Grief & Loss, Resilience, Spiritual Connection | 2 comments

Chronic pain can feel overwhelming. If you have chronic pain, I hope some of these tips can help you find some relief.

I have chronic pain myself, mostly brought on by trauma in 2016 and worsened by omicron in 2023. It’s mostly manageable and then out of nowhere I get those pain flares. It can suddenly be super intense or last extra long. Let me just validate for you that chronic pain can be pretty exhausting.

FYI I am not a medical professional or therapist. This is not medical advice. I am simply a personal mentor, singer and drummer who works with healing energy to help people like me, who suffer from chronic pain.

Tracking the pain and patterns of my body helps me to find the best ways to manage it. None of the medications, supplements, salves or other remedies I’ve ever used or am taking now can put much of a dent on the pain on their own. I just have to find the best mix of things that work for me. Everyone’s situation is unique.

Here are a few tips for chronic pain relief, and please feel welcome to share your own in the comments.

Remember you are not your pain.

Remind yourself that your pain isn’t who you are but rather a part of your experience. If your pain is in multiple places or literally everywhere, I know that can feel like a huge lie but it’s the truth. Pain may affect you in different ways but it is not you. However, your body is the messenger, so it can feel like that pain is your whole world sometimes. Find even just one tiny spot on or in your body that is not feeling pain right now. Get as creative as you need to. When you can show your brain that your whole self is not the pain but that parts of you happen to be experiencing pain, it will help you remember you are not your pain and differentiate between you, your body and the pain you are having.

Healthy Distractions:

Of course nobody wants to pursue unhealthy distractions, like addictions. If you find yourself there, rather than shaming yourself, do your best to return to healthy pain relief tactics. By the way, these are all ways YOU can find relief on your own or with someone, but please get whatever support you can as needed. If you’re seeking support, I may be able to help. You can reach out for support with pain, trauma or grief right here.

Planning ahead can help in certain situations. Get creative. Right now, updating this post is my healthy distraction. Brainstorm a few healthy distractions, so you have options in your back pocket when you need them.
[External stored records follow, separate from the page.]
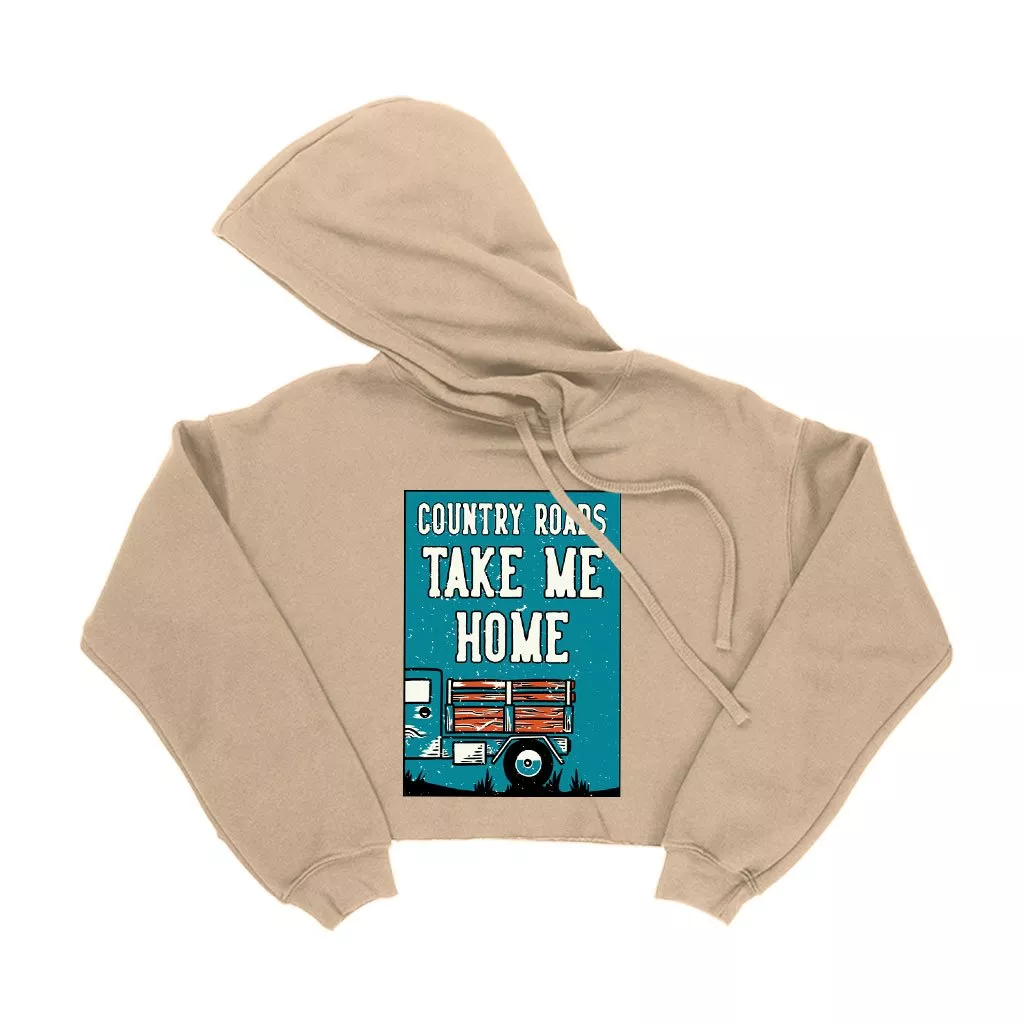 Women’s Cropped Fleece Country Roads Take Me Home Hoodie – Vintage Clothing
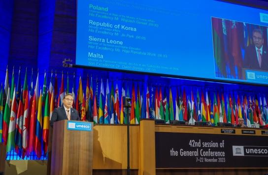 박 장관은 유네스코 총회 기조연설에서 국제 협력을 촉진하여 국제 평화를 증진한다는 유네스코의 임무를 상기하면서, 이스라엘-하마스 분쟁으로 인한 인도적 위기가 조속히 완화되기를 희망했다.
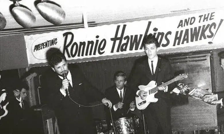 It was in nearby West Helena that Helm met another Arkansas native, Ronnie Hawkins, who was playing a show without a drummer. His piano player knew Helm and suggested that he join the band that evening on drums. It was Helm’s “big break.” While Helm was still in high school, Hawkins invited him to join his band, The Hawks. Here’s an early picture of Ronnie Hawkins and The Hawks, with Helm on drums:
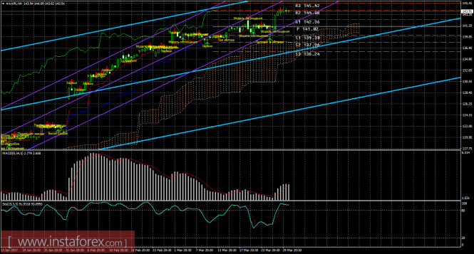 На 15-минутном графике рекомендуется рассматривать лонги с целью 145,42 при закреплении цены выше 144,08, ордером Stop Loss ниже 144,08 и при направленном вверх индикаторе MACD.
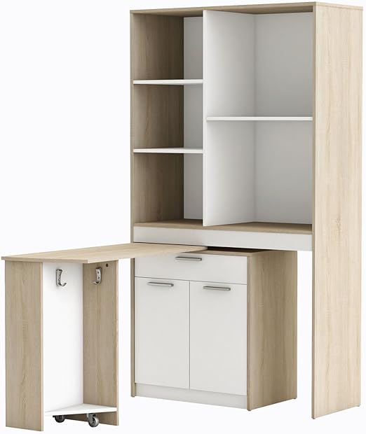 Habeig Hochschrank Cousine 718 Kuchenschrank Kuchenregal Buffetschrank Weiss Sonoma Eiche
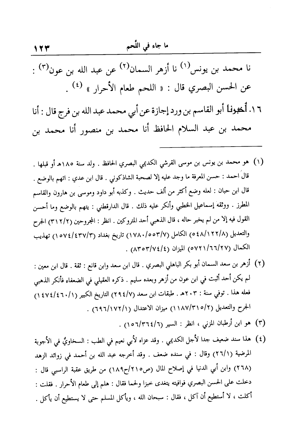 16- أَخْبَرَنَا أَبُو الْقَاسِمِ بْنُ وَرْدٍ إِجَازَةً عَنْ أَبِي مُحَمَّدٍ عَبْدِ اللَّهِ بْنِ فَرَجٍ قَالَ: أنا مُحَمَّدُ بْنُ عَبْدِ السَّلامِ الْحَافِظُ أنا مُحَمَّدُ بْنُ مَنْصُورٍ أنا مُحَمَّدُ بْنُ -[124]- عَبْدِ اللَّهِ بْنِ خَلادٍ نا أَحْمَدُ بْنُ مُحَمَّدِ بن سعيد المهداني نا مُحَمَّدُ بْنُ الْعَبَّاسِ بْنِ بَسَّامٍ نا مُحَمَّدُ بْنُ حَسَّانِ بْنِ زَيْدٍ الْمرّيُّ بِمَكَّةَ نا وَكِيعٌ عَنْ سُفْيَانَ عَنْ حَبِيبِ بْنِ أَبِي ثَابِتٍ عَنْ سَعِيدِ بْنِ جُبَيْرٍ عَنِ ابْنِ عَبَّاسٍ: عَنِ النَّبِيِّ صَلَّى اللَّهُ عَلَيْهِ وَسَلَّمَ قَالَ: " عَلَيْكُمْ بِاللَّحْمِ فَكُلُوهُ؛ فَإِنَّهُ يُحَسِّنُ الْخَلْقَ وَالْخُلُقَ ".

I have a list somewhere I see it throughout the day, so it reminds me to be mindful and to do easy alternative activities or even just to stop and rest. Know what your unhealthy distractions tend to be and find simple replacements that feel good. For example, instead of emotional eating, I might just go pet my cat.

Change Your Mind:

What’s an easy way to literally change your mind? Words have power. For example, if I am triggered into trauma, I tell myself to MELT. I imagine I am like a popsicle, just melting slowly and calmly, coming down to a place of peace and presence. I also use affirmations and song lyrics to rewire my brain with thought patterns and beliefs that support me better.

Get Control of Your Breathing.

Breathing into the belly is step 1, to get you back into your body but also in touch with the essence of who you are.
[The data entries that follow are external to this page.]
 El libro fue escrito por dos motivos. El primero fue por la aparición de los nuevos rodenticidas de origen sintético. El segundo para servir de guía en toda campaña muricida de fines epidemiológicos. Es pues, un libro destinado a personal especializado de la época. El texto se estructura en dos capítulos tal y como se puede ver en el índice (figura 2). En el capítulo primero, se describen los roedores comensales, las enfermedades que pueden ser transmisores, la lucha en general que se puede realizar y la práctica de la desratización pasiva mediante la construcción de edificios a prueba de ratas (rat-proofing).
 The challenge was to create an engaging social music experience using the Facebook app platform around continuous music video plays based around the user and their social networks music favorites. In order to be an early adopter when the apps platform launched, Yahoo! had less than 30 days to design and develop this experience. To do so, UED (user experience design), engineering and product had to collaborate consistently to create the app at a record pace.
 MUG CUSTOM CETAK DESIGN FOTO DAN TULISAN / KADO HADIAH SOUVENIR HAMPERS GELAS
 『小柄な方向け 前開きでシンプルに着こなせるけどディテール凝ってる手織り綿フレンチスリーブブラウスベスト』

You can try whatever breathwork practices you want and see what works best for you. If you have low blood pressure, you may need to be extra mindful of what kind of breathwork you do, since some forms of breathwork can reduce your blood pressure. If you enjoy guided meditations, listen to one. If you are having a panic attack or anxiety attack, please slow down and deepen your breathing. Take your time. Give your attention to the bottoms of your feet. Give yourself a hug. Get under a warm blanket. Whatever it takes, you want to allow your body, heart and brain to be resourced with, but not overwhelmed by, oxygen and whatever other nutrients our brains need. You want your emotional chemical soup to simmer down, so you can feel a little better.
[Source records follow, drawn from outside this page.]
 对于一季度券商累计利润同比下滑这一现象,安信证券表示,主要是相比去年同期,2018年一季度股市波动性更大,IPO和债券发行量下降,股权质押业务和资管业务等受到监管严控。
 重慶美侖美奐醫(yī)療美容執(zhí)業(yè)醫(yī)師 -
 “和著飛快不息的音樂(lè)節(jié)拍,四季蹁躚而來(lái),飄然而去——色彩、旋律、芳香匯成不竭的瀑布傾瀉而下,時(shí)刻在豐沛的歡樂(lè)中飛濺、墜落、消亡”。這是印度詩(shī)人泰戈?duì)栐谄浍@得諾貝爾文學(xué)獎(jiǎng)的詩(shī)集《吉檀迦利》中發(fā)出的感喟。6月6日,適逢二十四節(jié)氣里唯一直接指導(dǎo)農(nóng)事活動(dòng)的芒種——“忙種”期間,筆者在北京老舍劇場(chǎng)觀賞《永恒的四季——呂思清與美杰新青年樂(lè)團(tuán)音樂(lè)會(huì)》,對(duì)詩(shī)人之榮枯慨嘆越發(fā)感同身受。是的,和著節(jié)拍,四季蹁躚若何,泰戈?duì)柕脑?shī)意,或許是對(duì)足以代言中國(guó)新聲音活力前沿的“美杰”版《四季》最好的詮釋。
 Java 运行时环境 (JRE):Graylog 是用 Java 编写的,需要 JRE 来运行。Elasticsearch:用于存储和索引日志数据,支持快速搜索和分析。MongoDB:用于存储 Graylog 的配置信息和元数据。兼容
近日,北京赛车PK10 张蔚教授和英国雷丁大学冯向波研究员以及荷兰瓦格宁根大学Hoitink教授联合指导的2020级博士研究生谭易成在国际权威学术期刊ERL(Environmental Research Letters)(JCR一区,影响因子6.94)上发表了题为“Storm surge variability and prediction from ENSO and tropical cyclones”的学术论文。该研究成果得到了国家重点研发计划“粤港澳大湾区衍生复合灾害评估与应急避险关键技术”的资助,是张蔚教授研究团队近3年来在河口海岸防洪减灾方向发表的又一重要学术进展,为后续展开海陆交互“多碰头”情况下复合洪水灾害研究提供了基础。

Imagine you are trying to soothe a baby. Be gentle with yourself.

Meditate – however you can.

Someone put me into a deep sweet meditation during labour with my 10.2 lb natural-born daughter. I had zero medications. Not bragging about that. It was a choice for my own trauma healing. Suffice it to say it felt impossible that for the short time I was able to meditate, I could feel the contractions but without feeling any of the pain. It doesn’t always work to completely eliminate pain via meditation, but I just wanted you to know what’s possible. The meditation was short because the person was helping in many other ways. I can only imagine if they’d been able to continue. Still, even that short process helped me to get more grounded and breathe through the pain more effectively for the rest of the many hours of labour.

Cry it out.

If you carry chronic pain, it’s very likely you have built up a pretty big pain tolerance level. It’s also possible you aren’t exactly thrilled at the idea of crying out the pain, or crying at all.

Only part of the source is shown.